» **AIM OF THE TASK**
The needed output is the run of lines below from the one containing "スモールフレグランスツイードコートレディースOネック長袖秋冬ジャケットボタンアウトウェア2021 ロング オータム" through the one containing "Черешня требует много", copied exactly and free of pictures.

» **PROVIDED MATERIAL**
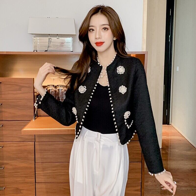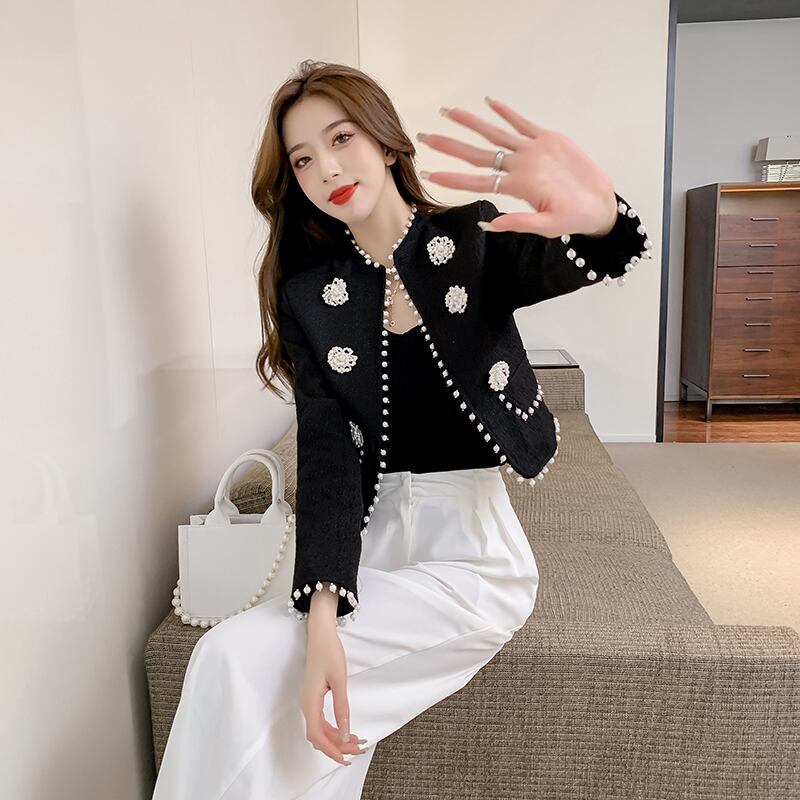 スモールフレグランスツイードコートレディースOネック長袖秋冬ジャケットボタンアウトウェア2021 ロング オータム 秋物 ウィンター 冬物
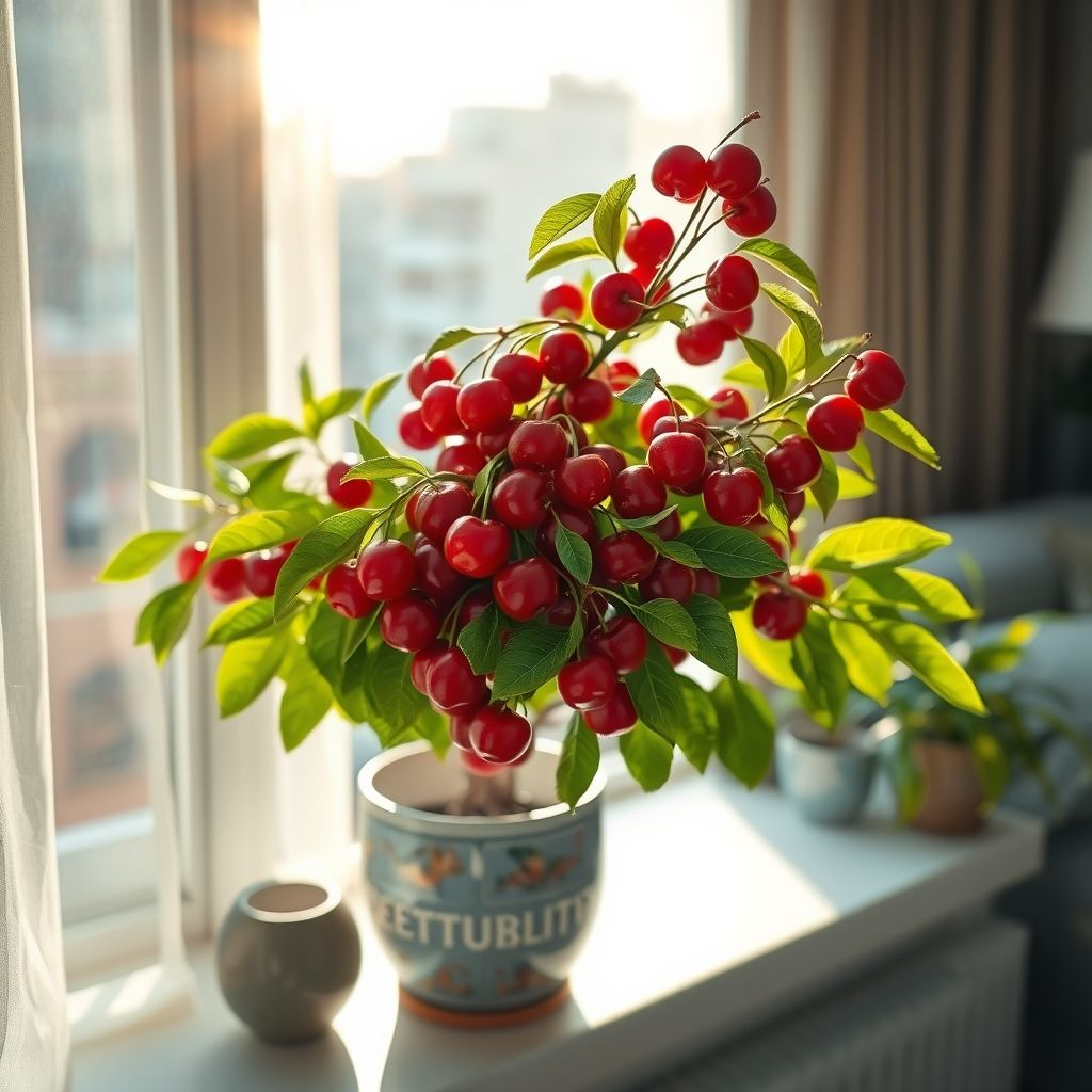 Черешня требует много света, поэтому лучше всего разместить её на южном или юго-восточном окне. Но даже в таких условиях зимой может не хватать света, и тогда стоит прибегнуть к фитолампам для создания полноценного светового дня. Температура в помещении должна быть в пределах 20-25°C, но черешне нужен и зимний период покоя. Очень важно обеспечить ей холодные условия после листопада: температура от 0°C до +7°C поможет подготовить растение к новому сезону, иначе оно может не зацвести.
* * *
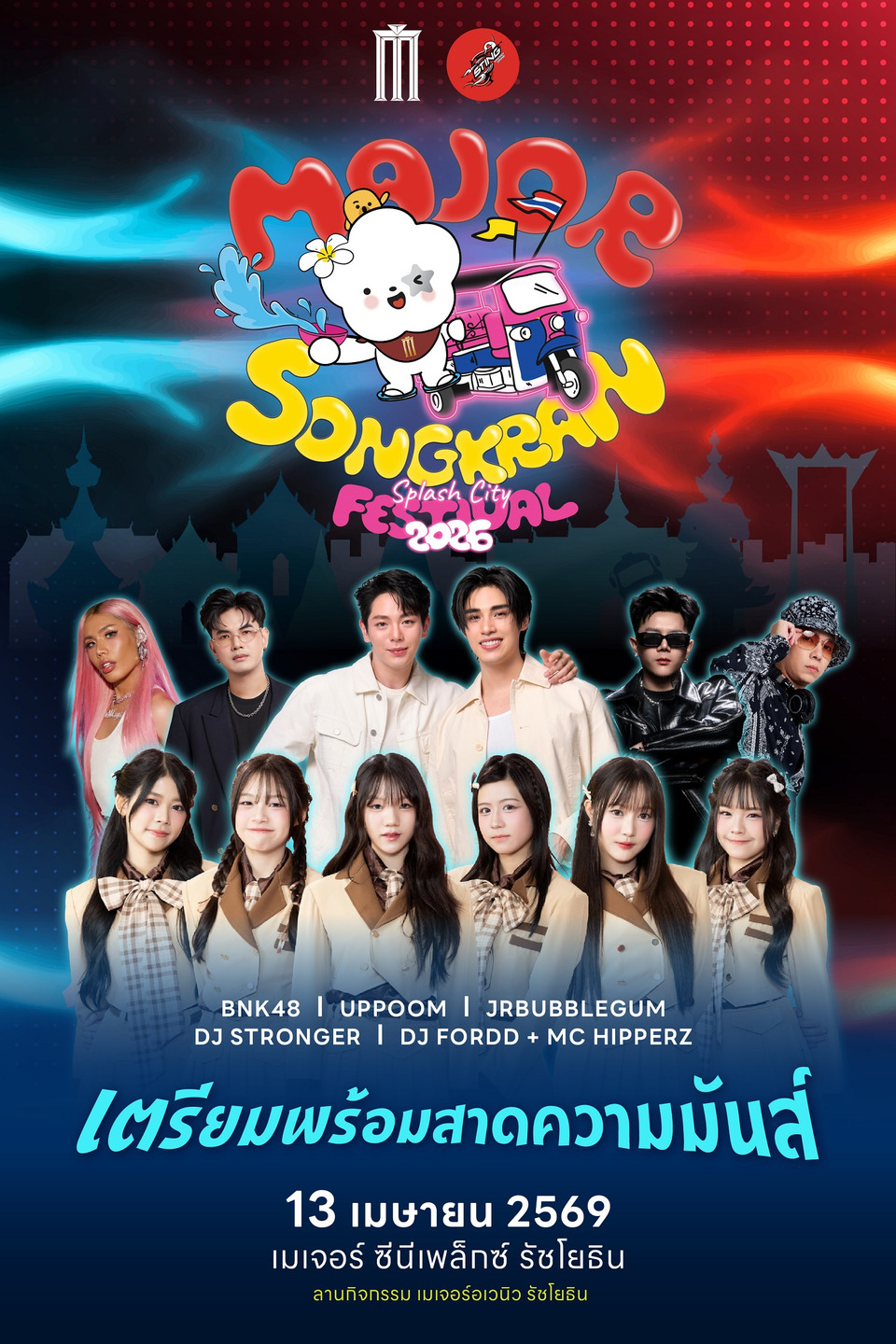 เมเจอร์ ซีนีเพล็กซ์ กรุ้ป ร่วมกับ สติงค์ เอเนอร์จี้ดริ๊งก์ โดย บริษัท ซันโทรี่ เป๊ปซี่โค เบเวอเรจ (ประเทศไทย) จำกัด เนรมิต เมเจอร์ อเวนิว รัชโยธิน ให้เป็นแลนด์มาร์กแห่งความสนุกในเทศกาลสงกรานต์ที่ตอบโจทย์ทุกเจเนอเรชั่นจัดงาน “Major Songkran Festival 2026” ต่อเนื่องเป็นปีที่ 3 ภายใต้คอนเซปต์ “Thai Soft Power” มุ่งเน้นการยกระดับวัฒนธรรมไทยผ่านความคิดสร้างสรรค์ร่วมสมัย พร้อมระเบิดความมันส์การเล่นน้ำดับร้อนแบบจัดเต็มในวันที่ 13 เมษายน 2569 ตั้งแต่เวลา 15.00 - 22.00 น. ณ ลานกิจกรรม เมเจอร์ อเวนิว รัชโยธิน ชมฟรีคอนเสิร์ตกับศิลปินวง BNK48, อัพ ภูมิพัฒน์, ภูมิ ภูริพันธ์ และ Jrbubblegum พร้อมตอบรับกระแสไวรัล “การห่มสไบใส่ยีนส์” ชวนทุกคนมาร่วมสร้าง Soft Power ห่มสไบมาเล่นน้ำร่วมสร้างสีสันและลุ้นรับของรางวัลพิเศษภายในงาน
==
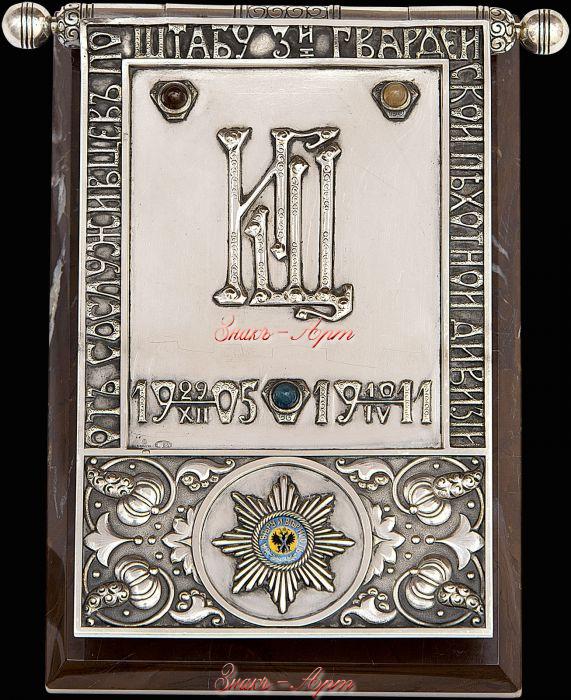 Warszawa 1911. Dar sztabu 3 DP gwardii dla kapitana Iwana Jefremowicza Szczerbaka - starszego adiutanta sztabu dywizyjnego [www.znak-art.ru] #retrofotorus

» **RESPONSE BOX**
 スモールフレグランスツイードコートレディースOネック長袖秋冬ジャケットボタンアウトウェア2021 ロング オータム 秋物 ウィンター 冬物
 Черешня требует много света, поэтому лучше всего разместить её на южном или юго-восточном окне. Но даже в таких условиях зимой может не хватать света, и тогда стоит прибегнуть к фитолампам для создания полноценного светового дня. Температура в помещении должна быть в пределах 20-25°C, но черешне нужен и зимний период покоя. Очень важно обеспечить ей холодные условия после листопада: температура от 0°C до +7°C поможет подготовить растение к новому сезону, иначе оно может не зацвести.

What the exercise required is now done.